Click here to read tributes from colleagues and friends.

Mr. Causier worked for the Milwaukee office of HNTB, a national firm involved in planning, engineering, and architecture.

According to an obituary in the Milwaukee Journal Sentinel: "In 1981, when Wauwatosa's historic Village area was in decline, Mr. Causier began helping the Village Improvement District and its planning committee on successful revitalization efforts. That led to his role with the Wauwatosa Village Task Force, in which he helped promote Tosa Fest and the village. He began working with the Joint Committee of the Preparation of the Comprehensive City Plan. He had served with the Wauwatosa City Plan Commission since 1982."

Mr. Causier earlier worked with the Historic Preservation Commission and the Wauwatosa Strategic Planning Committee. He was a founder of the Lowell Damon Woods Neighborhood Association, created in 1995.

At the April 2002 APA National Planning Conference in Chicago, buttons were distributed bearing Causier's face — topped with a crown — declaring "Charlie for King." He was a member of AICP and belonged to the Private Practice and Urban Design and Preservation divisions.

He is survived by his wife, Kathy; daughters Elizabeth and Catherine, and a son, Daniel; his mother, Dorothy; and other relatives.


Lawrence M. Cox
Lawrence Cox, who headed Norfolk, Virginia's Redevelopment and Housing Authority from 1941 to 1969 and worked as a HUD assistant secretary under President Richard Nixon, died November 7, 2002, at the age of 90.
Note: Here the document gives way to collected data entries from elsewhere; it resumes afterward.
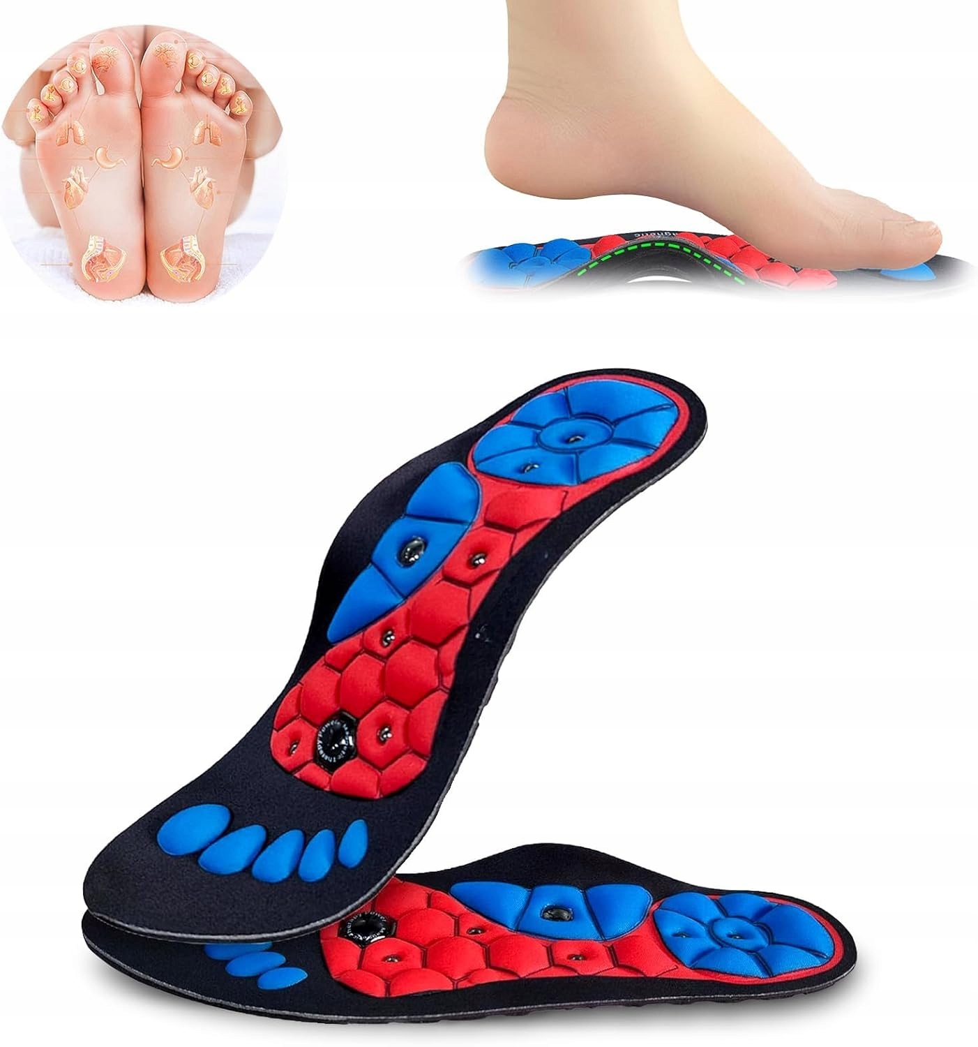 Магнітні устілки, які м’яко масажують стопи під час ходьби, стимулюють кровообіг, допомагаючи зменшити біль у м’язах ніг і стоп. Інновація виробу полягає в розміщенні 8 магнітів на кожній стопі, що покращує кровообіг. Поверхня устілок перфорована, що дозволяє ногам вільно дихати.
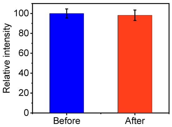 One of the key components in determining the optical characteristics of fluorescent probes is photostability. Therefore, the fluorescence fluctuation of the CDs was observed both before and after they were exposed to a 365 nm UV lamp. As shown in Figure 5, almost no obvious fluctuation in fluorescence intensity was observed from non-irradiation to irradiation within 40 min. This result implies the excellent photostability of the synthetic CDs.
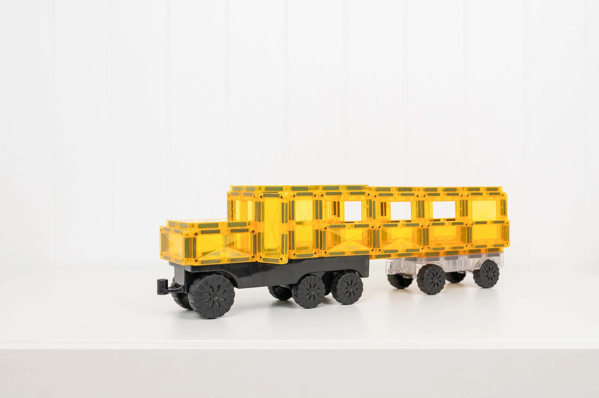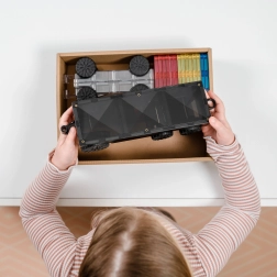 Due telai con ruote e una base per treno trasformano le tessere in modelli su ruote. I bambini possono assemblare un camion, un trenino o un convoglio con vagoni, sviluppando fantasia e coordinazione.
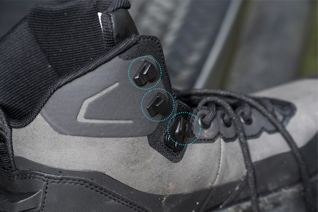 そして一番上部のフックは、好みのホールド感をキープできる固定式フックになっています。足首周りを締めあげた後、掛けると固定され、スムーズに紐を結べます。
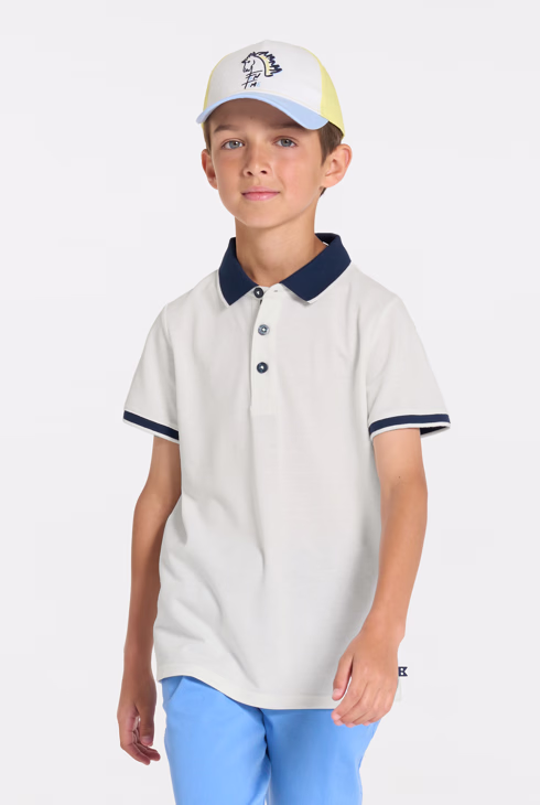 Bijela polo majica kratkih rukava od pike žerseja s uzorkom za dječake
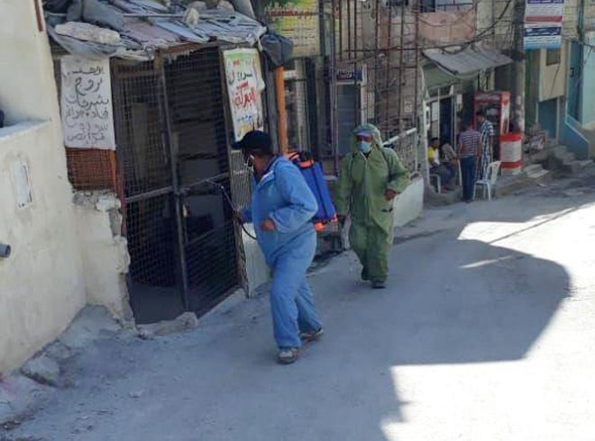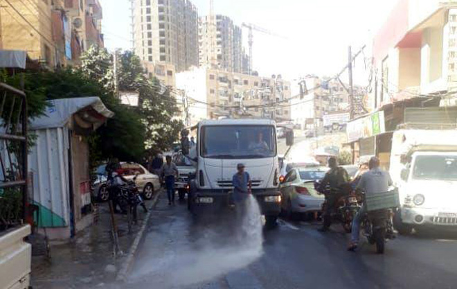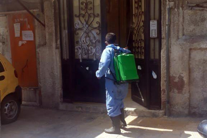 نفذت ورشات محافظة دمشق اليوم أعمال تنظيف وتعقيم لحي البختيار في البرامكة وفق البرنامج المحدد الذي تعمل عليه يومياً ضمن الحملة التي بدأتها في الثالث من الشهر الجاري وتشمل جميع شوارع وأحياء المدينة بهدف تعزيز إجراءات التصدي لفيروس كورونا.

"He was a visionary,'' Dr. Mason Andrews, a former Norfolk mayor, told The Virginian-Pilot newspaper, which noted that Cox also had his critics, "chief among them the late Judge Joseph A. Jordan Jr., the city's first black City Council member since Reconstruction, who charged that Cox's program 'helped create ghettos.'''

According to the newspaper: "Cox was executive director of the authority in an era when redevelopment usually meant bulldozing entire blighted neighborhoods. His first big project was the virtual elimination of Atlantic City, an area where many lived without running water in conditions that made a federal housing official physically sick during a tour before World War II."
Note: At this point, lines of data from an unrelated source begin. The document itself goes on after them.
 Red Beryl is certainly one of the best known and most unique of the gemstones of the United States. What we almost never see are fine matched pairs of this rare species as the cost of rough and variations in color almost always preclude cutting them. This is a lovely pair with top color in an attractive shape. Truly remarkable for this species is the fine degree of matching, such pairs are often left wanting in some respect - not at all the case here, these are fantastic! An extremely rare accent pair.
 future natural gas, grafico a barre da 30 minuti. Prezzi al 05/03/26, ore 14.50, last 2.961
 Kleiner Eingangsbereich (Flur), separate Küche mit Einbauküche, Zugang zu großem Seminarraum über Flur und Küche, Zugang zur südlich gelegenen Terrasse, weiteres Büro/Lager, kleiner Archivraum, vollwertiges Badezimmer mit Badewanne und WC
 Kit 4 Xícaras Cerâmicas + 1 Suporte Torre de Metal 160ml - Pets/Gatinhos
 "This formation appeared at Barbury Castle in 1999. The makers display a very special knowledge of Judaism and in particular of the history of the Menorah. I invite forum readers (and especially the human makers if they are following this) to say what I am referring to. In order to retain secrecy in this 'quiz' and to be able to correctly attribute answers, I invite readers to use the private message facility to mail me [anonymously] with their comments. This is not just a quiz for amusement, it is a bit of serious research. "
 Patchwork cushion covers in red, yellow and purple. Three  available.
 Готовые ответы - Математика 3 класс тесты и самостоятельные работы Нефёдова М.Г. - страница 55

Cox left Norfolk in 1969 to become assistant secretary of the U.S. Department of Housing and Urban Development, leaving that post in 1970 to return to a career in the private sector in Hampton Roads, Virginia.

A native of Norfolk, Cox grew up in Larchmont. While attending college he worked in the 1930s as a special assistant at the U.S. Housing Authority. That experience brought him home to Norfolk, where he joined the newly created housing authority's staff in 1940 and took over the agency the following year.

In 1948, he became head of the National Association of Housing and Redevelopment Officials, a post that allowed him to help shape the federal Housing Act of 1949, a document that called for "a decent home and suitable living environment for every American family.''


Jack F. Glatting
Jack Glatting, chairman of the board for the community planning firm of Glatting Jackson Kercher Anglin Lopez Rinehart for the past 27 years, died March 28, 2002. As a community planning leader, he helped shape the future through his many professional activities, and he took satisfaction in mentoring younger community planners and designers.

During his career in Florida, Mr. Glatting also served as director of planning for Brevard County, executive director for East Central Florida Regional Planning Council, and senior vice president for Environmental Planning Group, Inc.

Mr. Glatting held a Master's of City Planning degree from Georgia Institute of Technology. He was active in many planning and community organizations, and was a member of APA and its International, Resort and Tourism, and Urban Design and Preservation Divisions.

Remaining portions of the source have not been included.